● RECORD EXTRACTS
··········

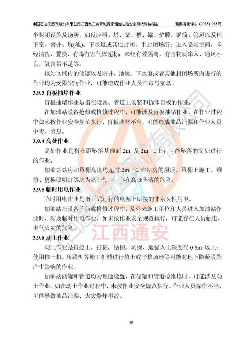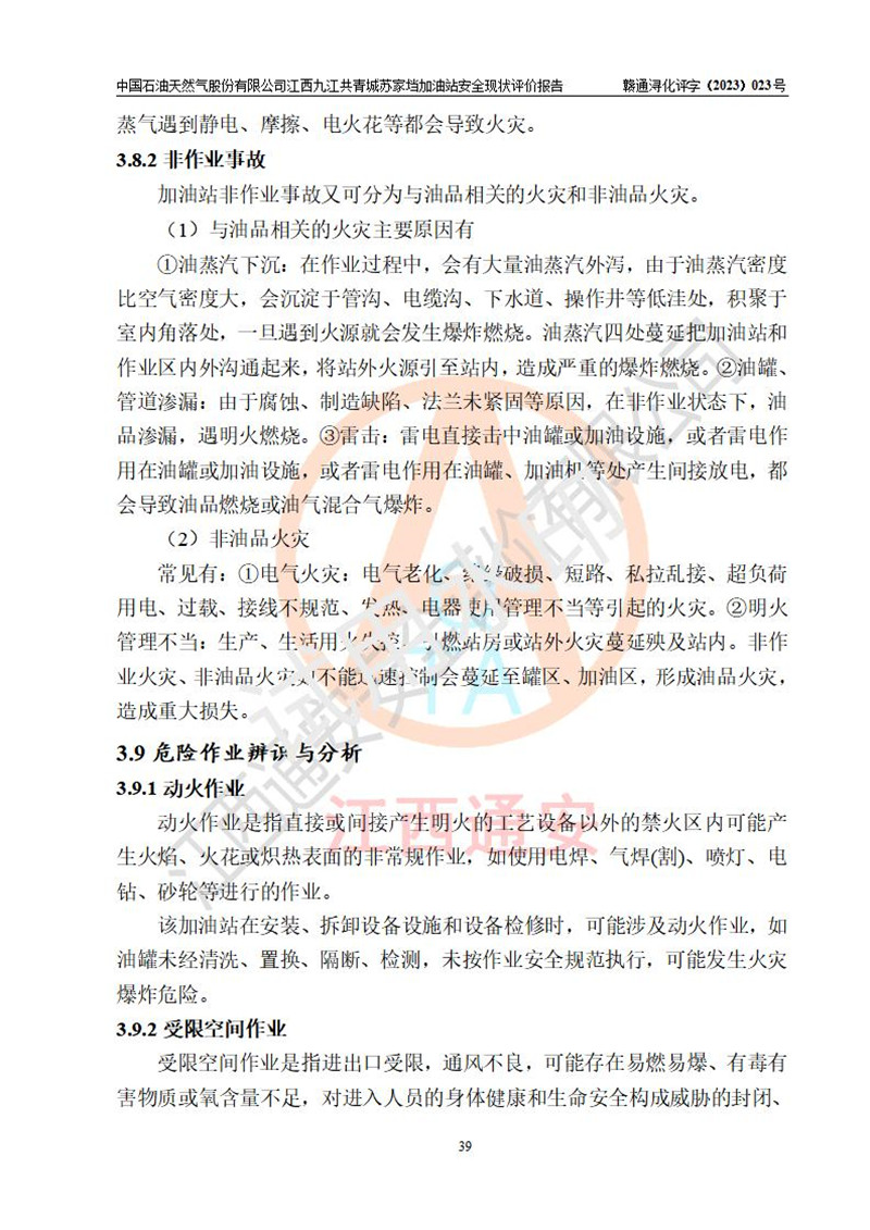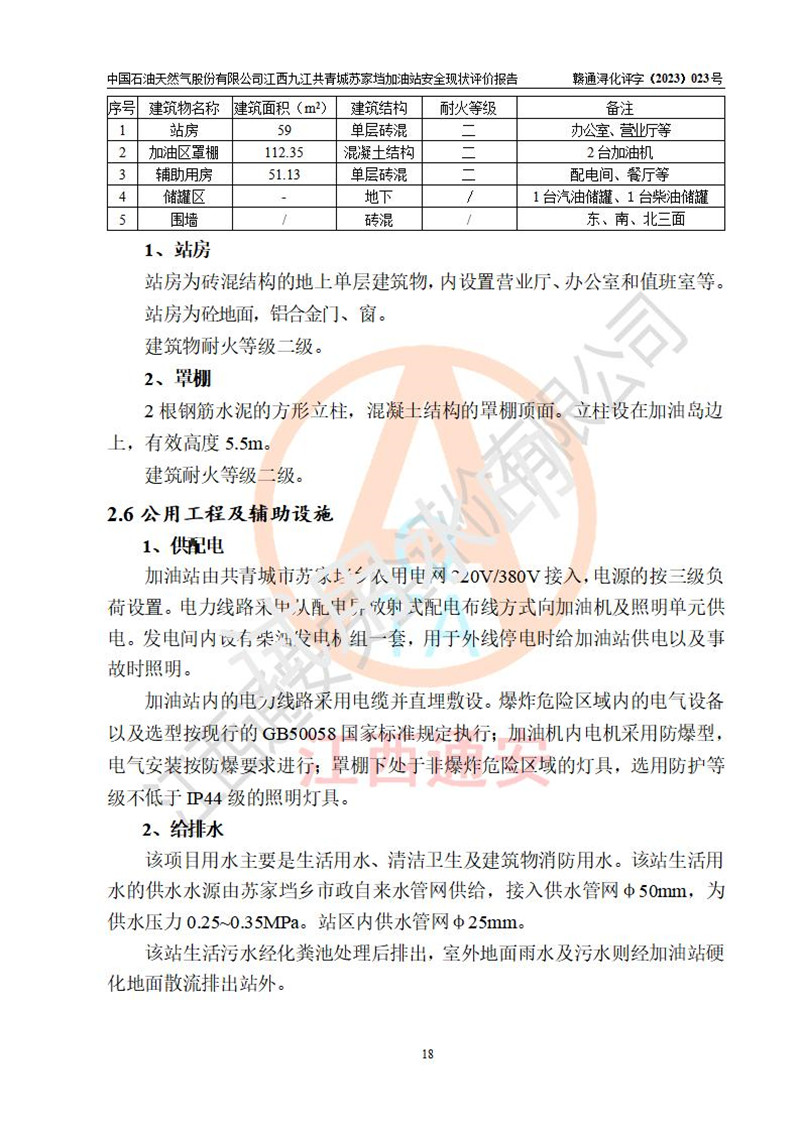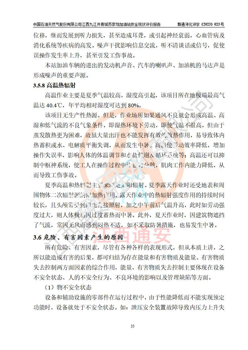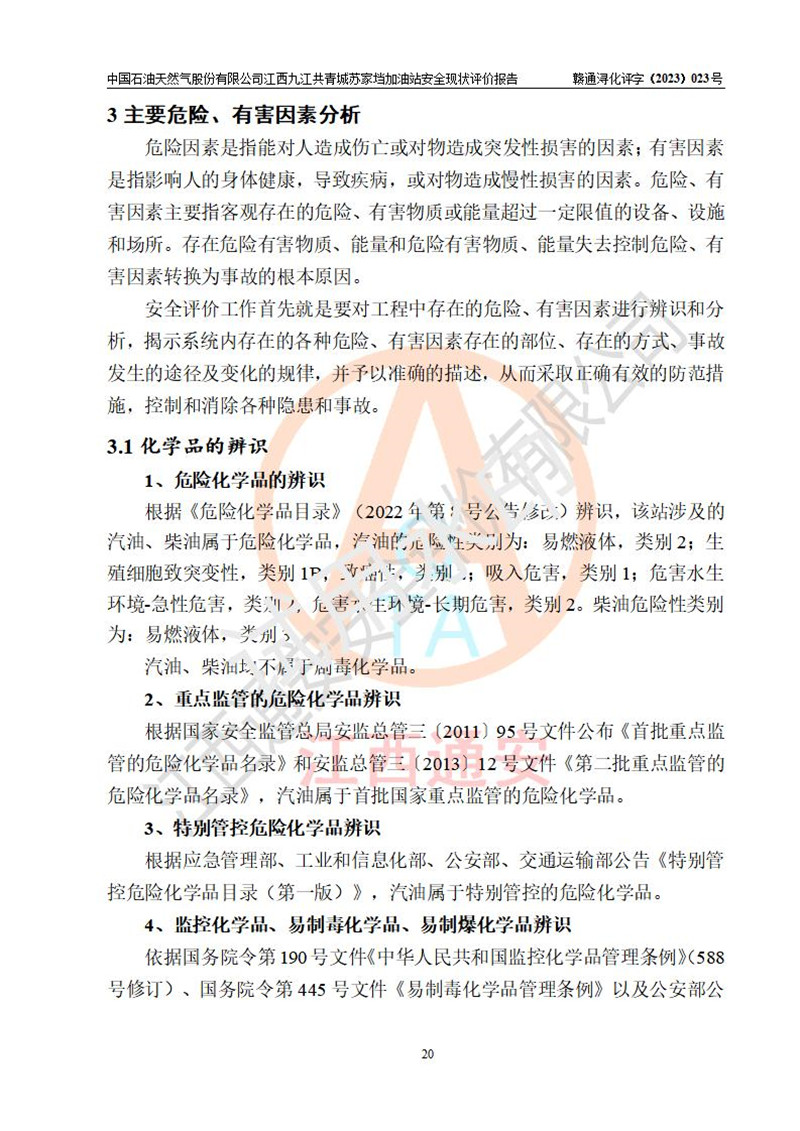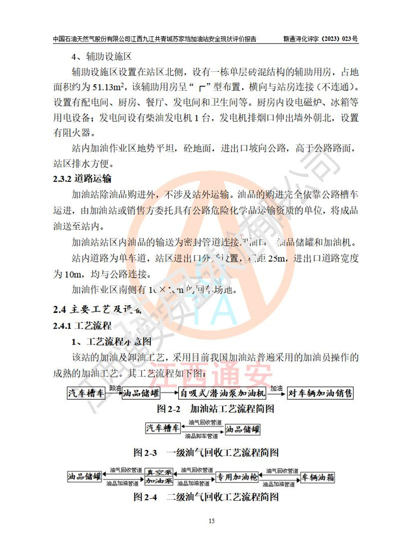 評價(jià)結(jié)論 | 中國石油天然氣股份有限公司江西九江共青城蘇家垱加油站涉及的安全條件、安全經(jīng)營條件、安全生產(chǎn)管理符合《危險(xiǎn)化學(xué)品經(jīng)營許可證管理辦法》、《汽車加油加氣加氫站技術(shù)標(biāo)準(zhǔn)》等**有關(guān)法規(guī)、標(biāo)準(zhǔn)、規(guī)范要求,能滿足危險(xiǎn)化學(xué)品經(jīng)營安全條件。 | |||
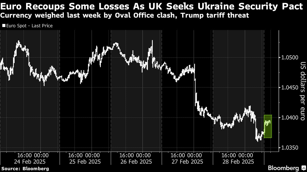 Markets are starting the week with another geopolitical one-two punch as European leaders pledge to increase defense spending and assemble what Britain called a “coalition of the willing” to secure Ukraine. That follows an Oval Office clash between Trump and Ukrainian President Volodymyr Zelenskiy over the prospects of a ceasefire with Russia without American security guarantees.
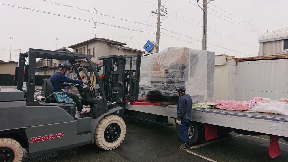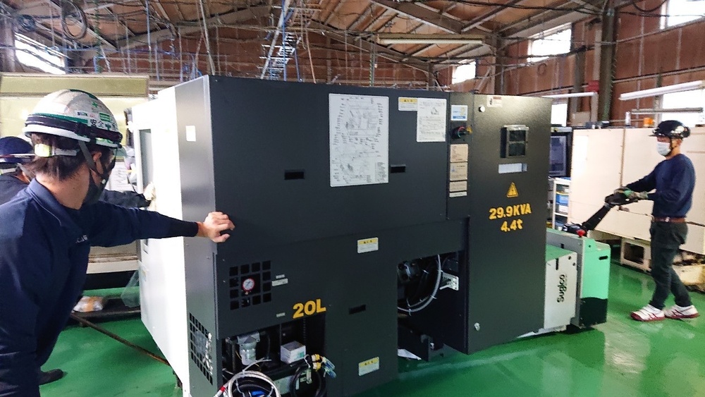 工場内は、ハンドリフトに切り替え、安全第一で予定地まで。
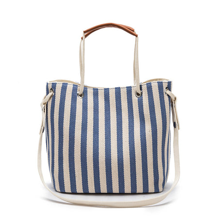 Light Blue Stripes Canvas Bucket Tote Bag with Leather Handle
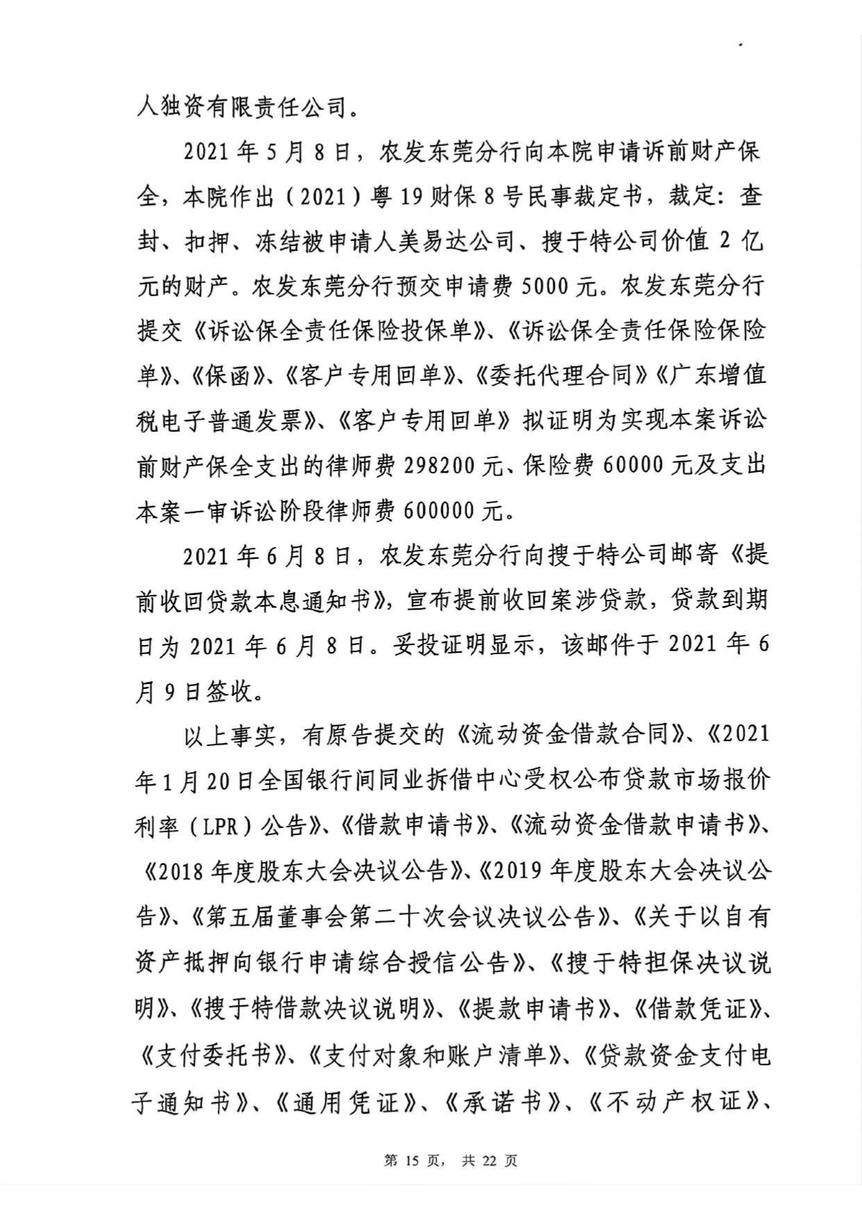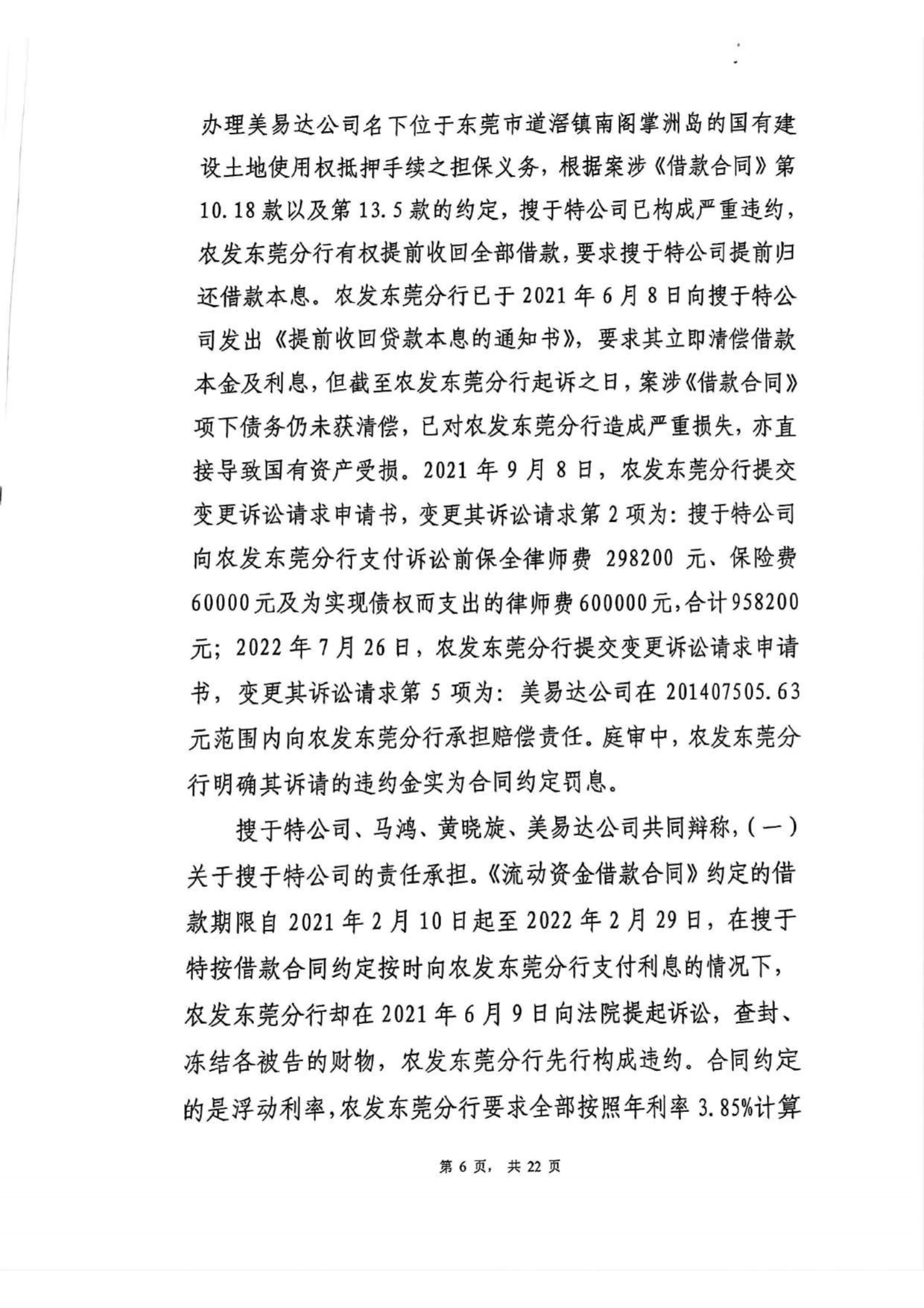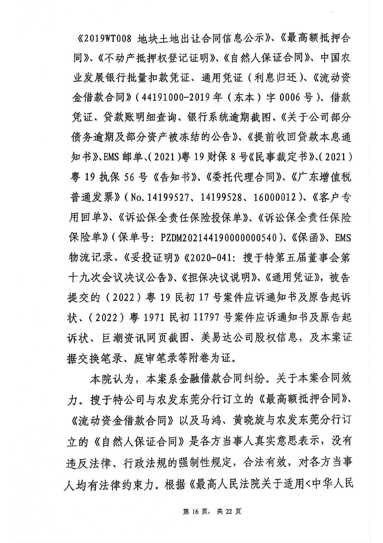 此判决后 搜特转债募投项目所在子公司美易达不服上诉至广东省高院,省高院依然判决 要搜特转债募投项目所在子公司美易达在该土地价值范围内承担赔偿责任!吴砝吴添! 至今 以上2个该判决仍然未见在裁判文书网公开!

··········

● PROBLEM DETAILS
Could you output all the entries above exactly as written, leaving out the pictures?

● REPLY
 評價(jià)結(jié)論 | 中國石油天然氣股份有限公司江西九江共青城蘇家垱加油站涉及的安全條件、安全經(jīng)營條件、安全生產(chǎn)管理符合《危險(xiǎn)化學(xué)品經(jīng)營許可證管理辦法》、《汽車加油加氣加氫站技術(shù)標(biāo)準(zhǔn)》等**有關(guān)法規(guī)、標(biāo)準(zhǔn)、規(guī)范要求,能滿足危險(xiǎn)化學(xué)品經(jīng)營安全條件。 | |||
 Markets are starting the week with another geopolitical one-two punch as European leaders pledge to increase defense spending and assemble what Britain called a “coalition of the willing” to secure Ukraine. That follows an Oval Office clash between Trump and Ukrainian President Volodymyr Zelenskiy over the prospects of a ceasefire with Russia without American security guarantees.
 工場内は、ハンドリフトに切り替え、安全第一で予定地まで。
 Light Blue Stripes Canvas Bucket Tote Bag with Leather Handle
 此判决后 搜特转债募投项目所在子公司美易达不服上诉至广东省高院,省高院依然判决 要搜特转债募投项目所在子公司美易达在该土地价值范围内承担赔偿责任!吴砝吴添! 至今 以上2个该判决仍然未见在裁判文书网公开!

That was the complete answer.